2.4. AI Models and Prompts
Ten different AI models and applications available as of early 2026 were evaluated. These included three Large Multimodal Models (LMMs)—ChatGPT-4o (OpenAI), Gemini 1.5 Pro (Google), and Claude 3.5 Sonnet (Anthropic)—alongside seven specialized dietary assessment applications: Foodita, Gemini 1.5 Flash, Calomil, Asken, FiNC, OWN, and CALO mama Plus.
For the three LMMs, a standardized Japanese prompt was used to ensure consistency across the models. The prompt instructed the AI to “estimate the energy, protein, lipid, and carbohydrate content from the provided meal image and provide specific numerical values.” These models were used in “image-only” mode, meaning no additional textual information, such as dish names or specific ingredients, was provided to influence the AI’s inference.
2.5. Screening and Selection Criteria
To provide a focused and clinically relevant analysis, the 10 models underwent an initial screening based on their performance in energy estimation. Three “top-performing” models were selected for detailed macronutrient analysis (Bland–Altman and systematic bias assessment). The selection criteria were: (1) Pearson’s correlation coefficient r > 0.80, (2) Mean Absolute Error (MAE) < 50 kcal, and (3) a hit rate (within ±10% of ground truth) > 50%. The performance metrics for the remaining models are reported in the Supplementary Materials (Table S1).
2.6. Statistical Analysis
Statistical analysis was performed using SPSS version 28.0 and the free statistical software EZR (Easy R) version 1.60. Continuous variables are presented as Mean ± Standard Deviation (SD). Accuracy was assessed using:
- Pearson’s Correlation Coefficient (r) to evaluate the linear association between estimations and ground truth.

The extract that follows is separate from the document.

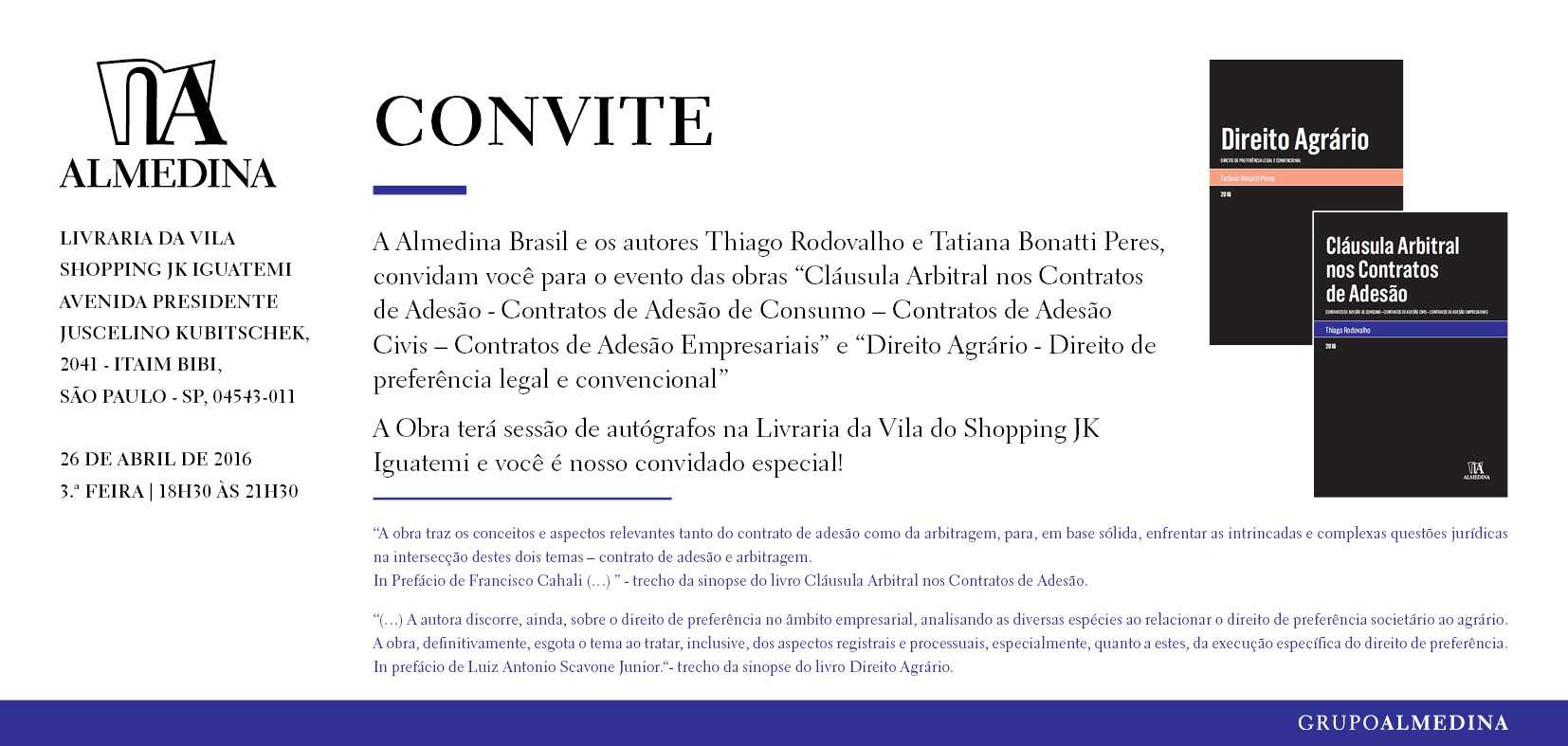 Os autores Thiago Rodovalho e Tatiana Bonatti Peres lançam, amanhã, os livros "Cláusula Arbitral nos Contratos de Adesão" e "Direito Agrário". O evento será em SP, na Livraria da Vila do Shopping JK Iguatemi, das 18h30 às 21h30. (Clique aqui)

- Mean Absolute Error (MAE) and Mean Bias (%) to quantify the magnitude and direction of estimation errors.
- Bland–Altman Analysis to identify systematic bias and calculate the 95% limits of agreement (LoA).
- Paired t-tests to determine if the mean difference between the estimated values and the ground truth was statistically significant. A p-value < 0.05 was considered statistically significant.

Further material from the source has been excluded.